### Extracted data ###

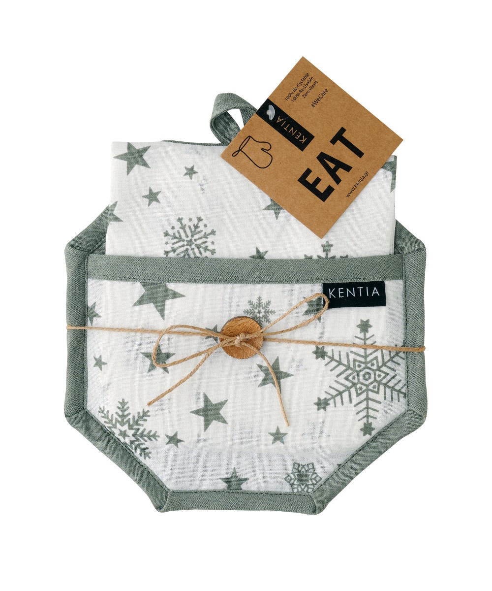 Σετ κουζίνας από την εταιρεία Kentia, με χριστουγεννιάτικη digital παράσταση. Ιδανικό για ένα όμορφο δωράκι ή για να δώσετε γιορτινό χρώμα.
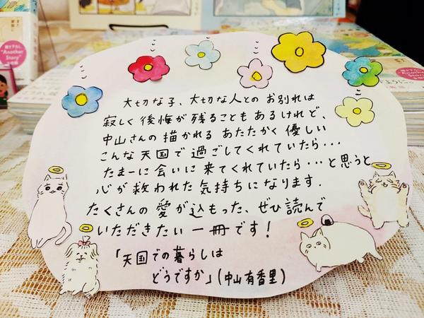 『天国での暮らしはどうですか』 作者名:中山有香里 出版社名:KADOKAWA 値段:1,485円(税込) SerenDip明屋書店 ゆめタウン徳山店 周南市青...
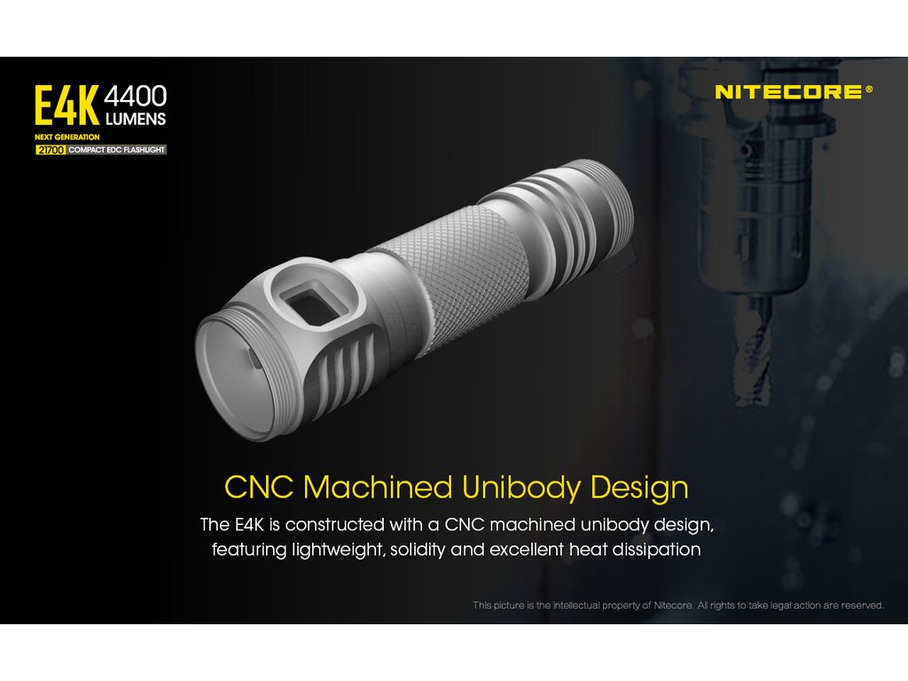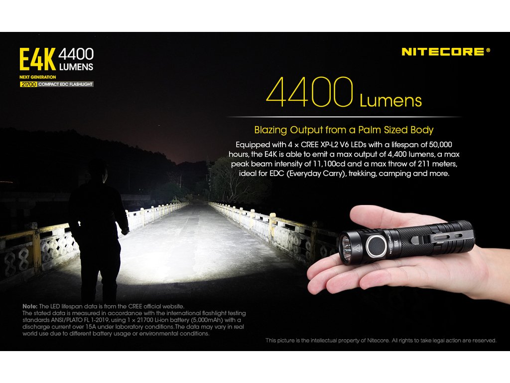 E4K je nová generace outdoorové nabíjecí LED svítilna, která jako zdroj světla používá 4 x LED CREE XP-L2 V6 s výkonem až 4 400 lm (11 100cd) a životností diod až 50 000 hodin. Výrobce o této svítilně říká, že je orientovaná na budoucnost. Díky použité elektronice je svítilna uzpůsobena na akumulátory typu 21700 (doporučeno používat aku Nitecore NL2150HPR o kapacitě 5000mAh, JE součástí balení). Tento akumulátor se nabíjí přes vestavěný USB-C port uložený přímo v těle akumulátoru. Dále svítilna funguje i na akumulátory RCR123A i lithiové baterie CR123A v kombinaci s plastovým pouzdrem na baterie. S těmito akumulárory a bateriemi však nedosahuje E4K svého maximálního výkonu. Na nízký režim (2 lumeny) svítilna funguje až neuvěřitelných 700 hodin. Nitecore E4K má nezávislé ovládání všech čtyř LED. Stav nabitosti svého akumulátoru si mužete překontrolovat za pomoci pěti modrých diod, treré jsou umístěny v hlavním spínači svítilny. Svítilna se ovládá novým inovovaným dvoustupňovým spínačem. Hluboká precisní parabola vytváří široký světelný paprsek s dosvitem 211 m. Vestavěný ATR modul kontroluje teplotu svítilny a upravuje výkon podle potřeby, aby byla svítilna vždy v optimálním stavu pro použití. Jako další technické přednosti svítiln E4K jsou: tělo vyrobené z pevného leteckého hliníku s povrchovou úpravou tvrdý elox HA III Military, paměť navoleného světelného výkonu, ochrana proti nesprávnému vložení baterie, jedmoduchý a čitelný spínač poskytující pohodlné a jednoduché ovládání, nerezový oboustranný klip a odolnost svítilny vůči vodě a nárazu dle normy IP68. To znamená, že je svítilna vodotěsná až do hloubky 2 metrů pod vodou a páduvzdorná až z výšky 1 metru.
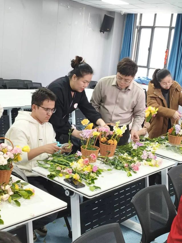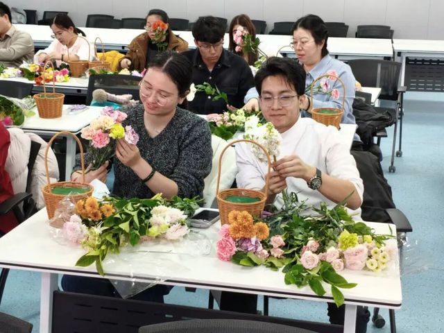随后,花艺沙龙活动正式拉开帷幕。系办特别邀请两名专业花艺师现场授课,从花材识别、色彩搭配、造型设计等方面进行细致讲解,并示范错落有致的插花技巧。在花艺师的指导下,师生们巧手修剪、精心构思,或组队合作,或互相切磋,将一朵朵鲜花组合成独具匠心的花艺作品。活动现场花香弥漫,欢声不断,大家边创作边交流,在轻松愉悦的氛围中拉近了彼此的距离。
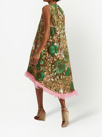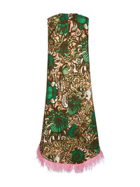La Scala graphic-print dress olive green/multicolour stretch-cotton/ostrich feather all-over graphic print feather detailing round neck rear zip fastening sleeveless high-low hem Made in Italy Composition Cotton 96%, Ostrich Feather 2%, Elastane 2% Washing instructions Read Manufacturer Guidelines
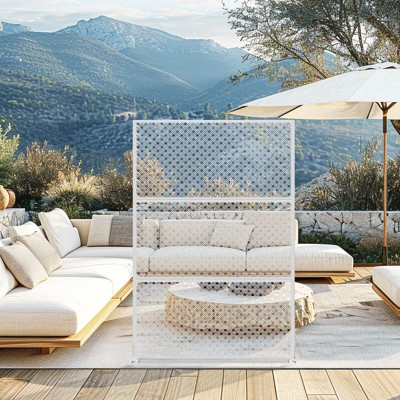 Pexfix 72 x 47 Inch Metal Privacy Screen Freestanding Outdoor Divider Panel For Patio Deck Balcony Heavy Duty Base Weatherproof White Parallel
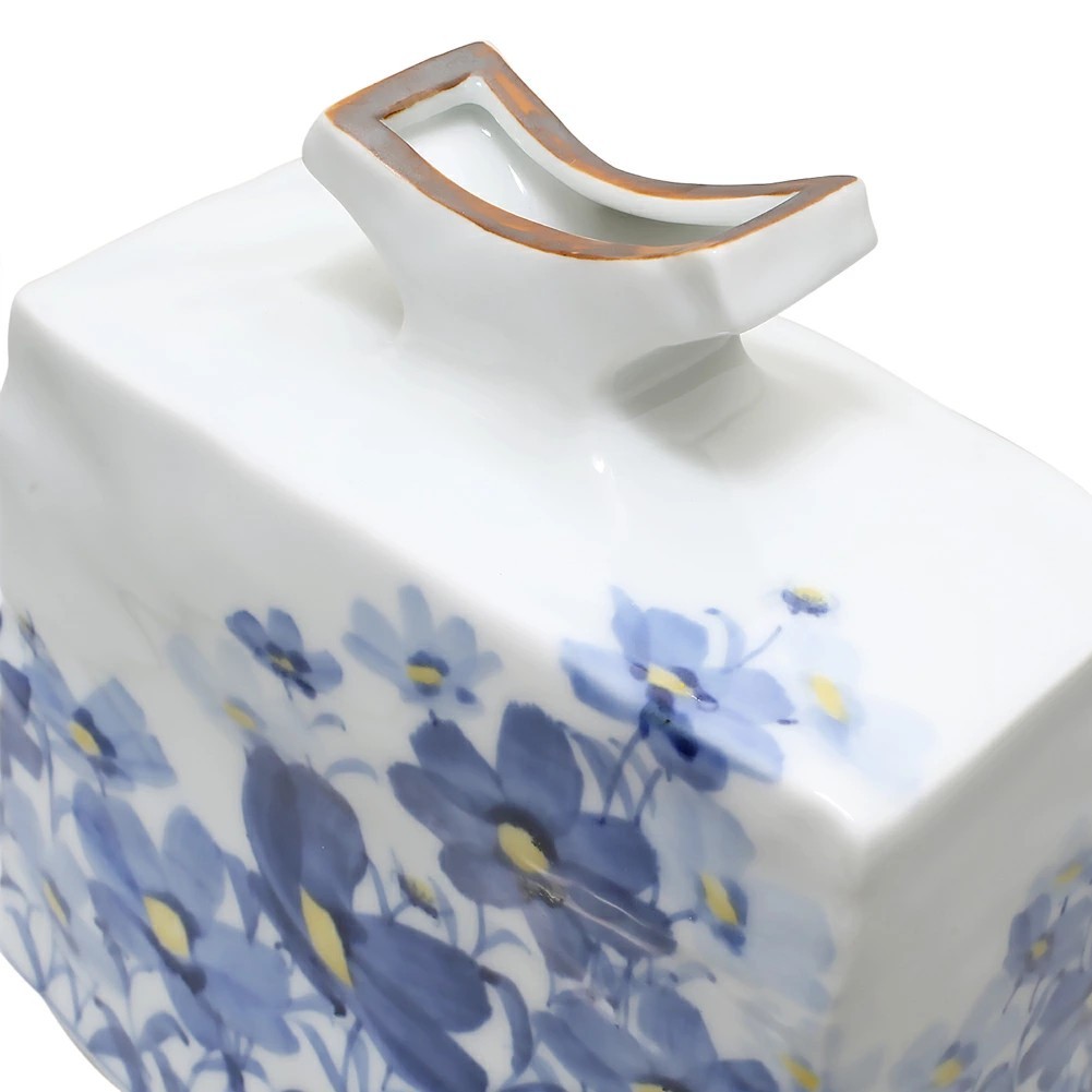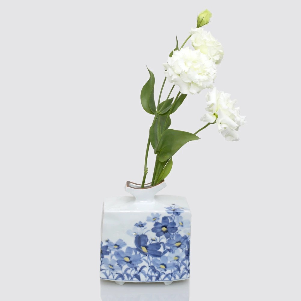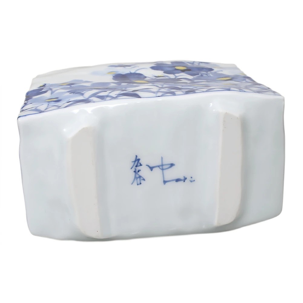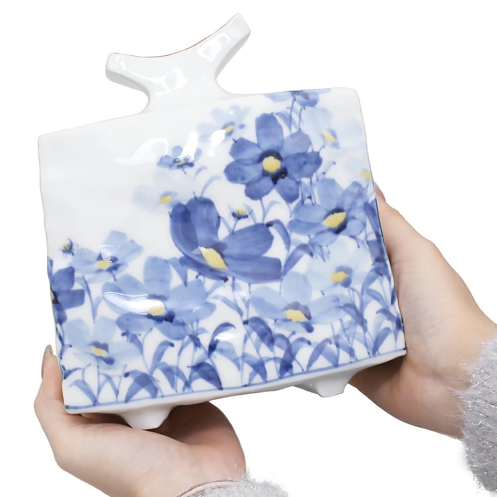 九谷焼は、石川県南部で生産される色絵の磁器です。久谷五彩(赤、黄、緑、紺、紫)という色鮮やかな上絵が特徴です。お部屋を華やかに彩ってくれる九谷焼の一輪生が登場!華やかな花瓶はシンプルな生け花やドライフラワーでもお部屋をぱっと明るくしてくれます。染付の絵柄は、鮮やかな藍色で描かれることが最大の特徴です。藍色の顔料は焼成によって深みが増し、絵柄に奥行きを生み出します。金沢美術工芸大学で学んだ後、九谷焼の第一人者である北出不二雄氏に師事し、伝統的な技術と自身の女性らしい繊細な感性を融合させた作品を生み出しています。少し大きいサイズ感の花瓶は、お花の取り換えも楽しく、フラワーベースの場所を変える時も移動が楽にできます。華やかなデザインの花瓶を玄関やリビング等に飾って、毎日過ごすお部屋を華やかな癒し空間に。

###

From the first line through the line with "SerenDip明屋書店 ゆめタウン徳山店 周南市青...", output those lines of the entries above exactly, and nothing else, with the pictures left out.

- **Exercise output**:
 Σετ κουζίνας από την εταιρεία Kentia, με χριστουγεννιάτικη digital παράσταση. Ιδανικό για ένα όμορφο δωράκι ή για να δώσετε γιορτινό χρώμα.
 『天国での暮らしはどうですか』 作者名:中山有香里 出版社名:KADOKAWA 値段:1,485円(税込) SerenDip明屋書店 ゆめタウン徳山店 周南市青...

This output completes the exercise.